As a safeguard, uploaded-certs will be deleted in two hours; If necessary, you can use
"kubeadm init phase upload-certs --upload-certs" to reload certs afterward.
Then you can join any number of worker nodes by running the following on each as root:
kubeadm join 172.24.8.100:16443 --token xb9wda.v0yf7tlsgo8mdrhk \
--discovery-token-ca-cert-hash sha256:249884d81a23bd821e38d3345866a99e6d55e443b545825c3c448f30f8e52c3b
注意:如上token具有預設24小時的有效期,token和hash值可通過如下方式獲取:
kubeadm token list
如果 Token 過期以後,可以輸入以下命令,生成新的 Token:
kubeadm token create
openssl x509 -pubkey -in /etc/kubernetes/pki/ca.crt | openssl rsa -pubin -outform der 2>/dev/null | openssl dgst -sha256 -hex | sed 's/^.* //'***
[root@master01 ~]# mkdir -p $HOME/.kube
[root@master01 ~]# sudo cp -i /etc/kubernetes/admin.conf $HOME/.kube/config
[root@master01 ~]# sudo chown $(id -u):$(id -g) $HOME/.kube/config
[root@master01 ~]# cat << EOF >> ~/.bashrc
export KUBECONFIG=$HOME/.kube/config
EOF #設定KUBECONFIG環境變數
[root@master01 ~]# echo "source <(kubectl completion bash)" >> ~/.bashrc
[root@master01 ~]# source ~/.bashrc
附加:初始化過程大致步驟如下:
- [kubelet-start] 生成kubelet的配置檔案”/var/lib/kubelet/config.yaml”
- [certificates]生成相關的各種證書
- [kubeconfig]生成相關的kubeconfig檔案
- [bootstraptoken]生成token記錄下來,後邊使用kubeadm join往叢集中新增節點時會用到
提示:初始化僅需要在master01上執行,若初始化異常可通過kubeadm reset && rm -rf $HOME/.kube重置。
新增其他master節點
[root@master02 ~]# kubeadm join 172.24.8.100:16443 --token xb9wda.v0yf7tlsgo8mdrhk \
--discovery-token-ca-cert-hash sha256:249884d81a23bd821e38d3345866a99e6d55e443b545825c3c448f30f8e52c3b \
--control-plane --certificate-key e30428776a47ed2c7e18c9e2951d9e40e068c9ecec5a4858457f1475f1a2a39a
[root@master02 ~]# mkdir -p $HOME/.kube
[root@master02 ~]# sudo cp -i /etc/kubernetes/admin.conf $HOME/.kube/config
[root@master02 ~]# sudo chown $(id -u):$(id -g) $HOME/.kube/config
[root@master02 ~]# cat << EOF >> ~/.bashrc`
export KUBECONFIG=$HOME/.kube/config
EOF #設定KUBECONFIG環境變數
[root@master02 ~]# echo "source <(kubectl completion bash)" >> ~/.bashrc
[root@master02 ~]# source ~/.bashrc
提示:master03也如上執行新增至叢集的controlplane。
提示:若新增異常可通過kubeadm reset && rm -rf $HOME/.kube重置。
安裝NIC外掛
NIC外掛介紹
- Calico 是一個安全的 L3 網路和網路策略提供者。
- Canal 結合 Flannel 和 Calico, 提供網路和網路策略。
- Cilium 是一個 L3 網路和網路策略外掛, 能夠透明的實施 HTTP/API/L7 策略。 同時支援路由(routing)和疊加/封裝( overlay/encapsulation)模式。

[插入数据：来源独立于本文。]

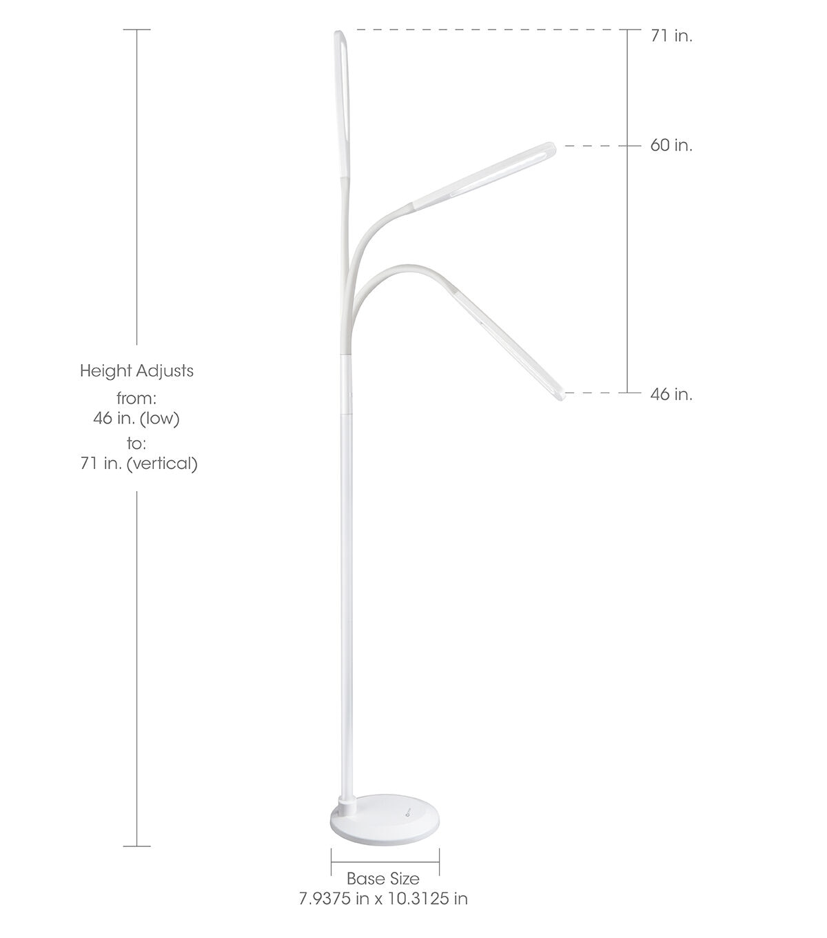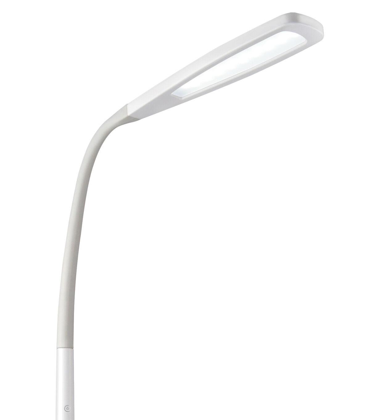 The OttLite Natural Daylight LED Flex Floor Lamp-White helps you see details clearly and colors accurately, whether reading in your favorite chair or sewing in your sewing room. An expansive 12.5-inch shade and rubberized flexible neck allows you to direct the powerful OttLite Natural Daylight LED Illumination right where you need it. Touch-activated controls adjust the brightness levels and the smart memory feature remembers your last brightness setting. With this OttLite lamp you can see details clearly and reduce glare and eyestrain so you can do what you love, longer.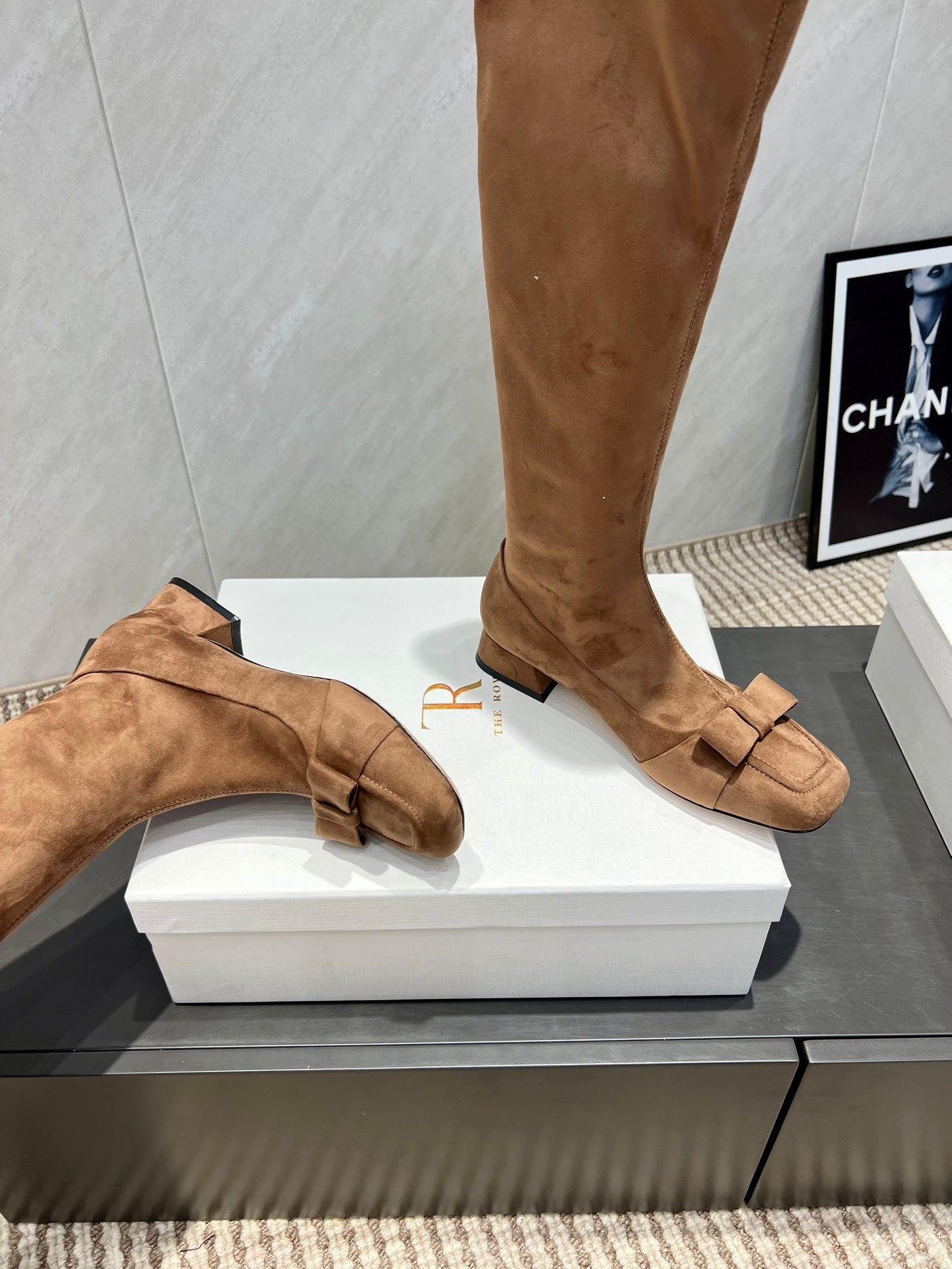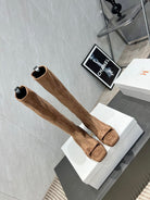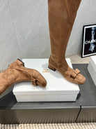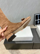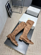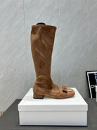 The Row 2025 Square Toe And Bow Accent Long Boot Brown Suede 540515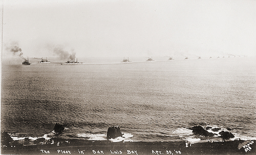 This first station also includes a series of photos on the prewar visit of 16 battleships of the Great White Fleet's visit to the area in April, 1908, during their round-the-world cruise.
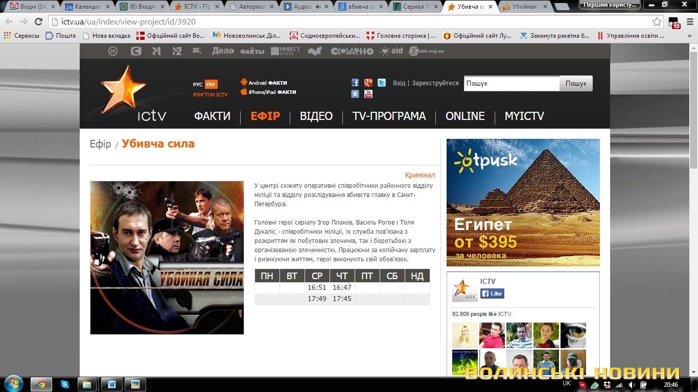 Менше з тим, згідно з мінімальною аналітикою, перелік передач та кінострічок у «меню» деяких облюбованих волинянами каналів, висновки напрошуються геть невтішні.Зокрема, у ефірі ICTV декілька разів на день транслюють такі серіали як «Вбивча сила» та «Опери. Хроніки вбивчого відділу», у сюжеті яких мова - про «бравих» російських міліціянтів, які героїчно розкривають різного роду злочини.«У центрі сюжету - оперативні працівники районного відділу міліції та відділу розслідування вбивств главку в Санкт-Петербурзі» - йдеться у анонсуванні російського детективу 2000-го року «Вбивча сила» на сайті телеканалу.Що стосується кримінальної драми «Опери. Хроніки вбивчого відділу», то назва говорить сама за себе. Фільм почали транслювати на території РФ ще у 2004 році. Він демонструє роботу російських слідчих органів, зокрема, працівників «вбивчого відділку» Санкт-Петербурга та буцімто розкриває внутрішній бік служби у органах міліції.Йдемо далі. Особливу увагу привертає нав’язливе транслювання «братського» криминальный телесеріалу «Слід», що розповідає про працівників неіснуючої насправді організації — Федеральної експертної служби, до якої увійшли програмісти, судмедексперти, оперативники та інші профільні у розкритті гучних злочинів спеціалісти.Особливої уваги вартий і російський детективний серіал «Агент», що змальовує долю секретного агента спецслужб Андрія Козирєва, якого засудили до 15 років позбавлення волі. Ця кінострічка є відносно новою, адже вийшла у світ в 2013 році.Сіткоми у ефірі як згубне явище для молоді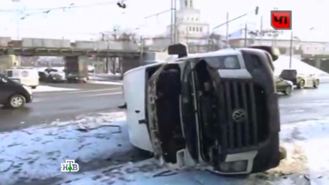 В центре Москвы четыре человека получили ранения в результате столкновения кроссовера Lexus и маршрутного такси.

- Contiv 為多種用例提供可配置網路(使用 BGP 的原生 L3,使用 vxlan 的 overlay,經典 L2 和 Cisco-SDN/ACI)和豐富的策略框架。Contiv 專案完全開源。安裝工具同時提供基於和不基於 kubeadm 的安裝選項。
- Flannel 是一個可以用於 Kubernetes 的 overlay 網路提供者。
+Romana 是一個 pod 網路的層 3 解決方案,並且支援 NetworkPolicy API。Kubeadm add-on 安裝細節可以在這裡找到。 - Weave Net 提供了在網路分組兩端參與工作的網路和網路策略,並且不需要額外的資料庫。
- CNI-Genie 使 Kubernetes 無縫連線到一種 CNI 外掛,例如:Flannel、Calico、Canal、Romana 或者 Weave。
提示:本方案使用Calico外掛。
設定標籤
[root@master01 ~]# kubectl taint nodes --all node-role.kubernetes.io/master- #允許master部署應用
提示:部署完內部應用後可使用kubectl taint node master01 node-role.kubernetes.io/master="":NoSchedule重新設定Master為Master Only 狀態。
部署calico
[root@master01 ~]# cat config/calico/calico.yaml #檢查配置
……
- name: CALICO_IPV4POOL_CIDR
value: "10.10.0.0/16" #檢查Pod網段
……
- name: IP_AUTODETECTION_METHOD
value: "interface=eth.*" #檢查節點之間的網路卡
# Auto-detect the BGP IP address.
- name: IP
value: "autodetect"
……
[root@master01 ~]# kubectl apply -f config/calico/calico.yaml
[root@master01 ~]# kubectl get pods --all-namespaces -o wide #檢視部署
[root@master01 ~]# kubectl get nodes
修改node埠範圍
[root@master01 ~]# vi /etc/kubernetes/manifests/kube-apiserver.yaml
……
- --service-node-port-range=1-65535
……
部署高可用元件II
高可用說明
高可用kubernetes叢集步驟三已完成配置,但是使用docker-compose方式啟動nginx-lb由於無法提供kubernetes叢集的健康檢查和自動重啟功能,nginx-lb作為高可用kubernetes叢集的核心元件建議也作為kubernetes叢集中的一個pod來進行管理。
汙點和標籤
[root@master01 ~]# kubectl taint node master01 node-`role.kubernetes.io/master="":NoSchedule
[root@master01 ~]# kubectl taint node master02 node-role.kubernetes.io/master="":NoSchedule
[root@master01 ~]# kubectl taint node master03 node-role.kubernetes.io/master="":NoSchedule
[root@master01 ~]# kubectl label nodes master01 node-role.kubernetes.io/master="true" --overwrite
[root@master01 ~]# kubectl label nodes master02 node-role.kubernetes.io/master="true" --overwrite
[root@master01 ~]# kubectl label nodes master02 node-role.kubernetes.io/master="true" --overwrite
容器化實現高可用
[root@master01 ~]# for master_ip in ${MASTER_IPS[@]}
do
echo ">>> ${master_ip}"
ssh root@${master_ip} "systemctl stop kubelet"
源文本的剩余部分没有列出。